Existing automatic prompt engineering methods are typically designed for discriminative tasks, where new task prompts are iteratively refined with limited feedback from a single metric reflecting a single aspect. However, these approaches are suboptimal for generative tasks, which require more nuanced guidance beyond a single numeric metric to improve the prompt and optimize multiple aspects of the generated text. To address these challenges, we propose a novel multi-aspect Critique-Suggestion-guided automatic Prompt Optimization (CriSPO) approach. CriSPO introduces a critique-suggestion module as its core component. This module spontaneously discovers aspects, and compares generated and reference texts across these aspects, providing specific suggestions for prompt modification. These clear critiques and actionable suggestions guide a receptive optimizer module to make more substantial changes, exploring a broader and more effective search space. To further improve CriSPO with multi-metric optimization, we introduce an Automatic Suffix Tuning (AST) extension to enhance the performance of task prompts across multiple metrics. We evaluate CriSPO on 4 state-of-the-art LLMs across 4 summarization and 5 QA datasets. Extensive experiments show 3-4% ROUGE score improvement on summarization and substantial improvement of various metrics on QA. Code available at https://github.com/amazon-science/crispo
Paper Structure (66 sections, 2 equations, 4 figures, 17 tables)

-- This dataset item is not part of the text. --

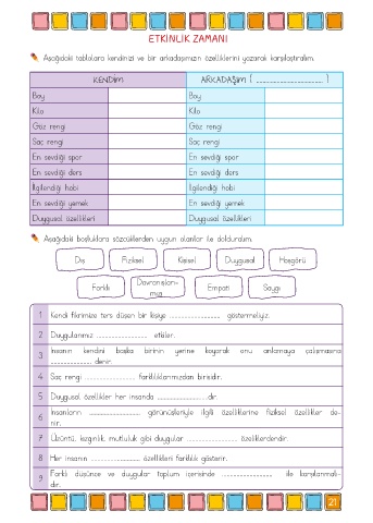 Aşağıdaki tablolara kendinizi ve bir arkadaşımızın özelliklerini yazarak karşılaştıralım.
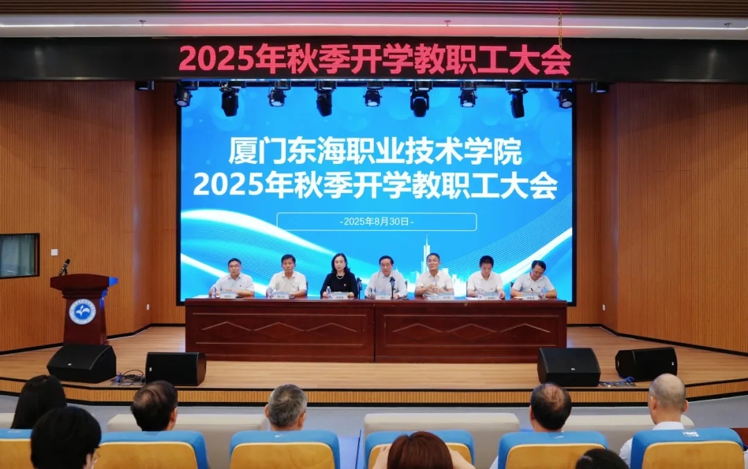 8月30日上午,厦门东海职业技术学院2025年秋季开学教职工大会在学校五号楼报告厅顺利召开。会议由钟华校长主持,学校党政领导班子及全体教职员工参加了会议。常务副校长宋艳春作秋季开学工作报告。她通过一串串数字,从党建引领、依法治校、师资建设、教学科研、产教融合、社会服务、学生管理、招生就业等多个维度,全面、生动地回顾了厦门东海职业技术学院2025年上半年的工作成果,并明确了学校下一阶段的重点工作:一是“十五五”规划的编制;二是办学条件达标工程的验收;三是2024年度民办学校年检存在问题的整改以及2025年度年检的准备工作。接下来,学校将持续强化党建引领:开展主题教育,组织地方文化考察,提升党务人员能力;优化治理体系:完善决策机制,推进制度规范化建设;提升师资水平:加大高层次人才引进力度,健全师德师风长效机制;深化教学改革:推进校级教改项目,承办市级职业技能竞赛新赛项;推动科研创新:整合资源,鼓励跨院部联合申报,培育高水平项目;拓展校企合作:争创产业学院,构建“立足海西、辐射国际”的合作体系;保障校园安全:定期排查隐患,推进文明校园建设。希望全体东海人牢记“为党育人、为国育才”的使命,以更加饱满的热情、更加务实的作风,凝心聚力、开拓创新,共同书写厦门东海职业技术学院高质量发展的新篇章! 随后,学校党委书记林志聪传达了2025年全省高校领导干部办学治校能力专题研讨班会议精神,强调要持续以习近平新时代中国特色社会主义思想为指引,深入学习贯彻党的二十大精神,坚决落实立德树人的根本任务,坚守职业教育的定位,聚焦党的人才培养,科学谋划发展重点任务,切实提升育人实效。钟华校长在总结发言中明确强调,学校须坚定不移贯彻党的教育方针,将 “为党育人、为国育才” 使命落到实处。以提升教育质量为核心,深化教学改革,筑牢校园安全防线,强化学生管理,推动各项工作落实落细,切实转化育人成效。钟华校长表示,学校要以高度的政治自觉扛起育人责任,精准把握当前形势,结合学校实际,紧密跟踪区域产业发展与升级的趋势,在职业教育的赛道上主动求变、积极作为,奋力开辟特色发展新路径、塑造核心竞争新优势,全力攀登高质量办学新高峰!会议在热烈的掌声中顺利落幕。此次大会统一了思想、明确了目标、鼓舞了士气,为新学期工作按下“加速键”。相信全体教职工将以更加坚定的信念、更加务实的行动,携手谱写学校高质量发展的新篇章,为服务区域经济社会发展、培养新时代技术技能人才作出更大贡献!

This paper contains 66 sections, 2 equations, 4 figures, 17 tables.

Figures (4)

  • Figure 1: The CriSPO workflow for text generation tasks. In each iteration, a candidate task prompt $p_t$ is applied to $\mathcal{D}_{\texttt{trn}}$ (step 1) and evaluated using a multi-aspect critique-suggestion meta-prompt $M_c$ (step 2). We select top-$K$ previously sampled task prompts (step 3) and use a receptive optimizer $M_o$ to generate the next candidate $p_{t+1}$ (step 4). The automatic optimization loop runs multiple iterations, while the best task prompt is selected based on performance on $\mathcal{D}_{\texttt{dev}}$.
  • Figure 2: A word cloud showing the different aspects identified by CriSPO when comparing generations and references.
  • Figure 3: Ablation studies with Claude Instant on SAMSum. For each setup, we report the mean ROUGE1 F1 and standard deviation across three runs. For (c), we change the random seed to select different samples across the three runs.
  • Figure 4: Visualization of prompt diversity on 4 summarization datasets for OPRO in red $\bullet$ and CriSPO in blue $\times$.